Page MenuHomePhabricator

Block non-browser requests that use generic user agent (UA) headers
Open, Needs TriagePublic

Description

When we want to modify or deprecate APIs, it is useful to know who is using it. Since we do not require any kind of authentication to use our APIs, the only way is often to look at the User-Agent header. This however only works if the User-Agent header is set to a useful value, rather than a generic library name.

We have required the User-Agent to be set to a useful value since 2010, but this was never really enforced. The only way to get clients to provide a useful UA string appears to be by blocking generic UAs.

Some examples:

  • "-": ~1300/sec
  • "Ruby": 100/sec
  • "curl/" prefix: 240/sec
  • "okhttp/" prefix: 240/sec
  • "MyApp/01": 1/sec (example value from the LWP manpage). This isn't a lot, but it seems to be the primary user of /api/rest_v1/page/pdf/, which we want to deprecate.

These requests should be blocked with a helpful error message pointing to the policy page.

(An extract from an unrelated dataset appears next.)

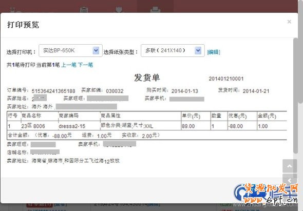可以點擊訂單后邊的“打印發(fā)貨單”按鈕 ,進行單筆訂單的打印和預(yù)覽:

NOTE: If we block the generic curl UA, we'll probably block our own manual debugging calls. The error message returned to the user should include instructiosn for setting up a .curlrc file to avoid this.

Event Timeline

daniel added a subscriber: Joe.
daniel updated the task description. (Show Details)
daniel updated the task description. (Show Details)
daniel renamed this task from Block non-browser requests that use generic agents to Block non-browser requests that use generic user agent (UA) headers.Nov 9 2022, 5:39 PM

FWIW we're banning more generic UAs via dynamic requestctl rules; our rule of thumb is to start rate-limiting requests from a specific UA only when it starts creating an issue to the infrastructure. In general, banning generic UAs will have the effect to force people to either identify themselves, or use browser-like UAs instead.

FWIW we're banning more generic UAs via dynamic requestctl rules; our rule of thumb is to start rate-limiting requests from a specific UA only when it starts creating an issue to the infrastructure. In general, banning generic UAs will have the effect to force people to either identify themselves, or use browser-like UAs instead.

I would assume that most of the requests are made in good faith, so block would lead to more clients supplying contact info. The block message should of course link to the policy page.